What you are asked to do: Scan the records below for the line with "TRAJAN AE 34mm" and the line with "- 修正帶采用日本PET膠帶,安全無毒無異味。", and retype that range exactly, both ends included, pictures excepted.

[Collected data]

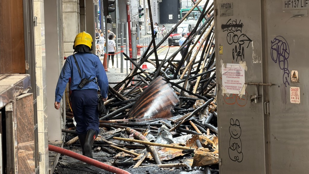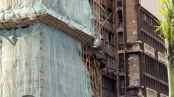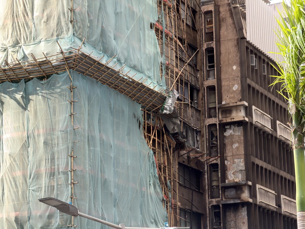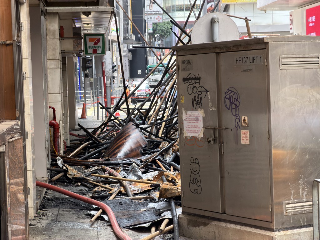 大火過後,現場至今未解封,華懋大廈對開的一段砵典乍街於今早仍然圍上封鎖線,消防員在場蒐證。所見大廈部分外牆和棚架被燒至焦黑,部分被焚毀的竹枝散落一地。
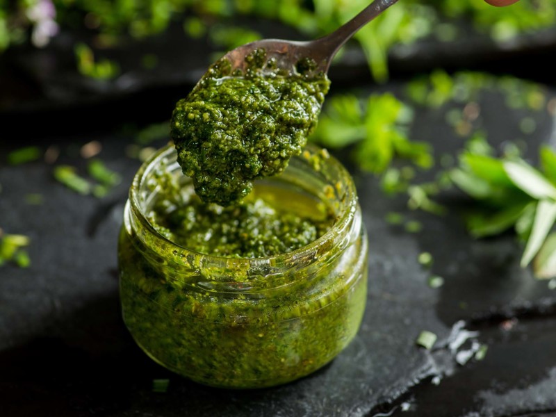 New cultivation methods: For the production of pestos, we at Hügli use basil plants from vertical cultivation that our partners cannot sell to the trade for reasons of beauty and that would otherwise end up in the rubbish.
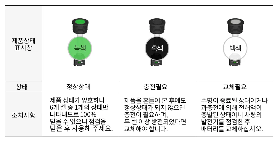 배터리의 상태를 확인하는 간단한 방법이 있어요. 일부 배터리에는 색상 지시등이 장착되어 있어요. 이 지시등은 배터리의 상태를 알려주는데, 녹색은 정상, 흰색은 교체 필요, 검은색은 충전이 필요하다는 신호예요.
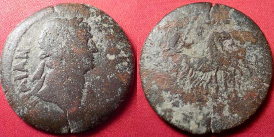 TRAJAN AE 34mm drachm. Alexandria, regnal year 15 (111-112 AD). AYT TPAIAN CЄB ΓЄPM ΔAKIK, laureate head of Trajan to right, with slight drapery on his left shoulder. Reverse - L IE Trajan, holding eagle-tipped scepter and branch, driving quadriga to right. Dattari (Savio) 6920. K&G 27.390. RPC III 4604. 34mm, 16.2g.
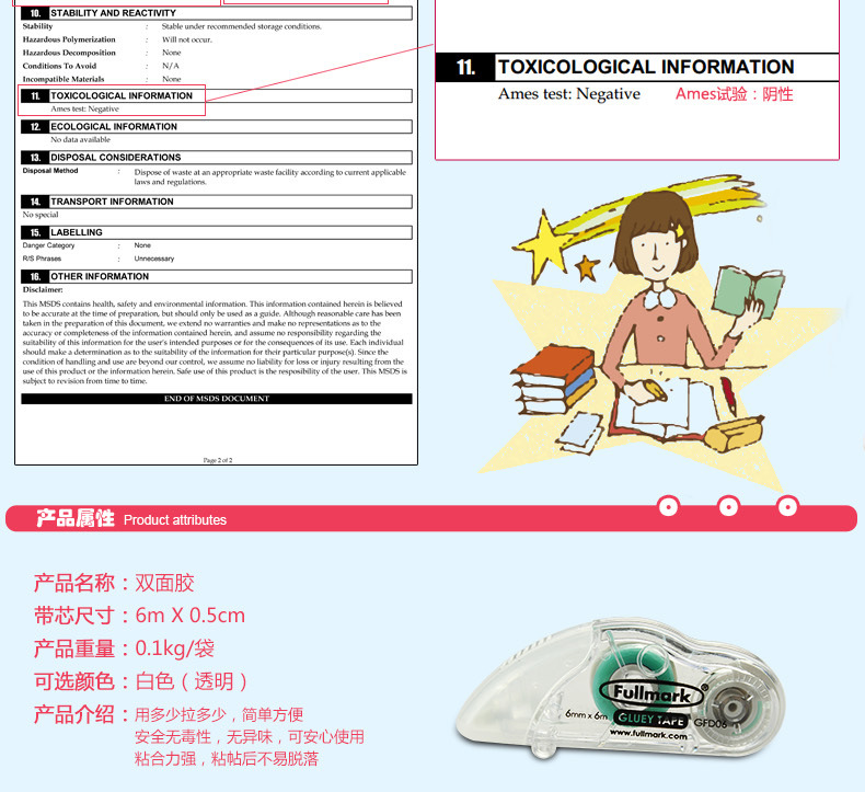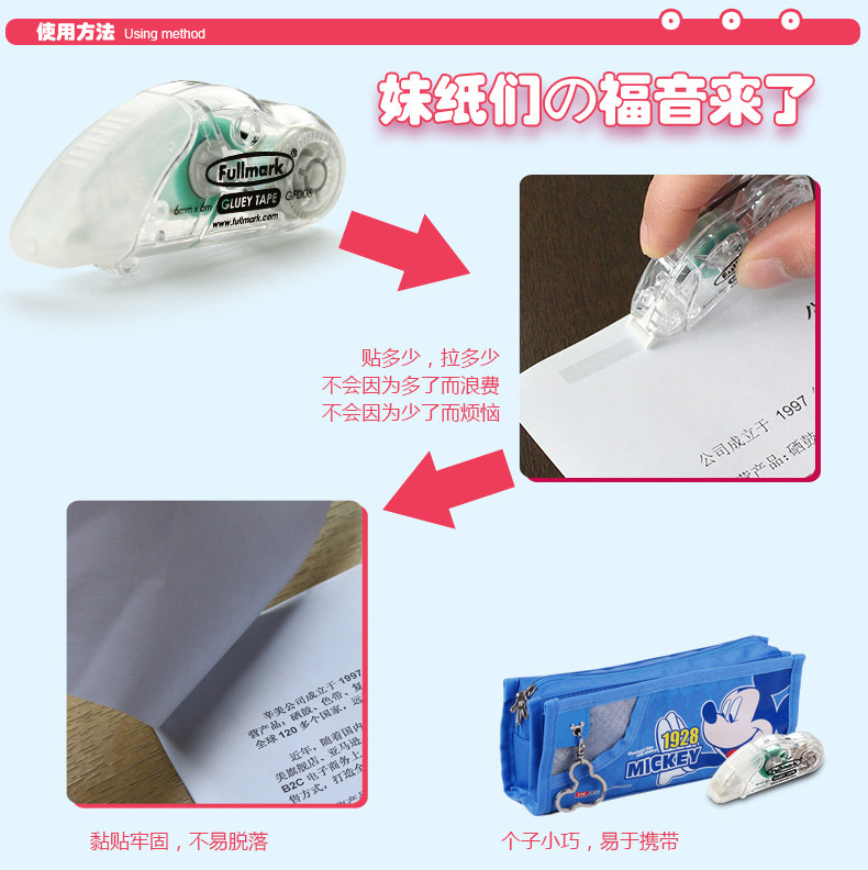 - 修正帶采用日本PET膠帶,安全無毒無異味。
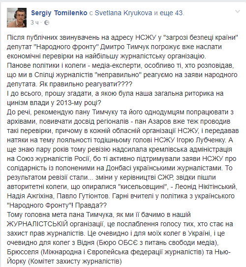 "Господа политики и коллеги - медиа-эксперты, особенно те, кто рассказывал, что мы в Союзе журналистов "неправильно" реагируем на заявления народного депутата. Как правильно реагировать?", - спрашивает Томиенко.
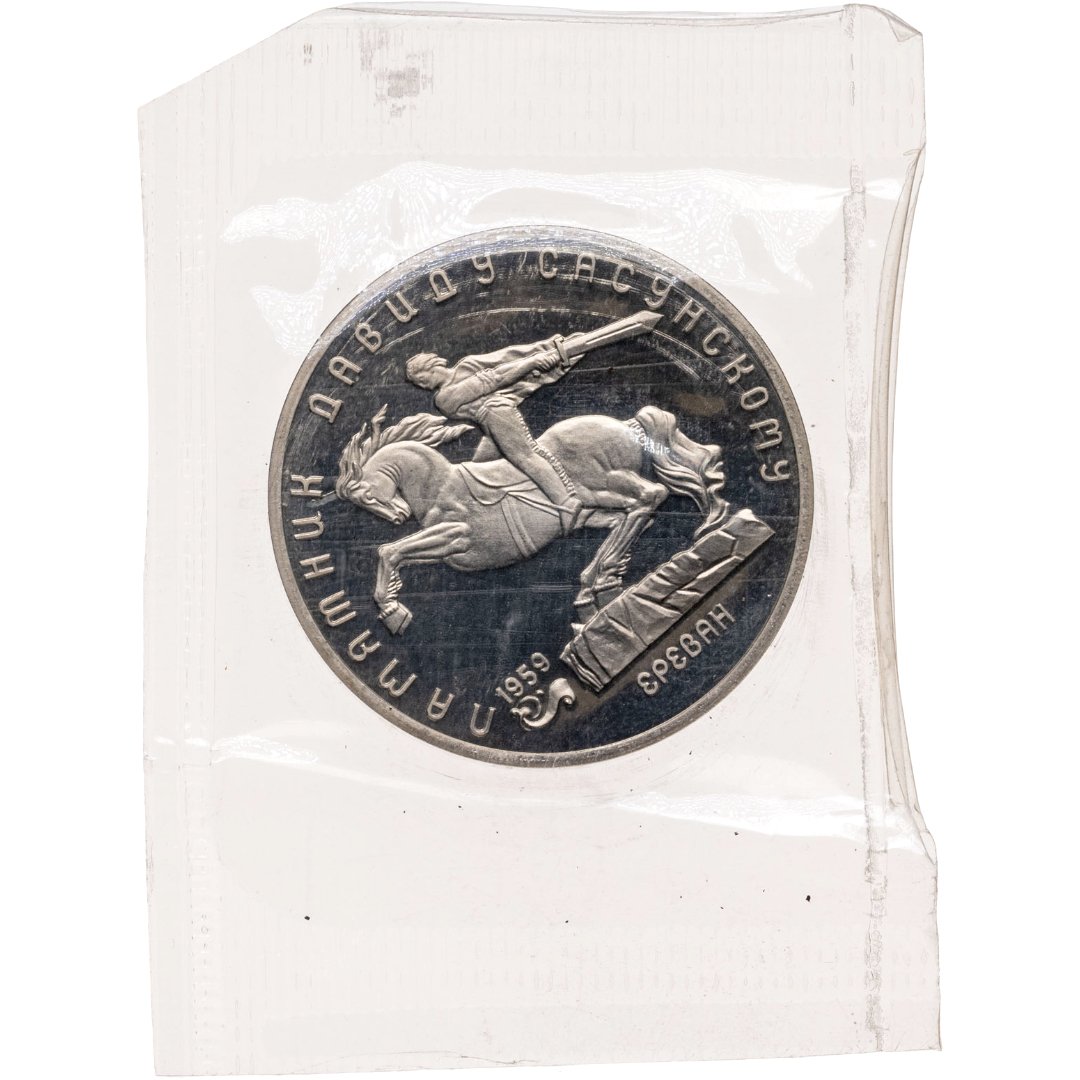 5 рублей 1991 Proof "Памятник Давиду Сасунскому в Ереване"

Answer for the task:
 TRAJAN AE 34mm drachm. Alexandria, regnal year 15 (111-112 AD). AYT TPAIAN CЄB ΓЄPM ΔAKIK, laureate head of Trajan to right, with slight drapery on his left shoulder. Reverse - L IE Trajan, holding eagle-tipped scepter and branch, driving quadriga to right. Dattari (Savio) 6920. K&G 27.390. RPC III 4604. 34mm, 16.2g.
 - 修正帶采用日本PET膠帶,安全無毒無異味。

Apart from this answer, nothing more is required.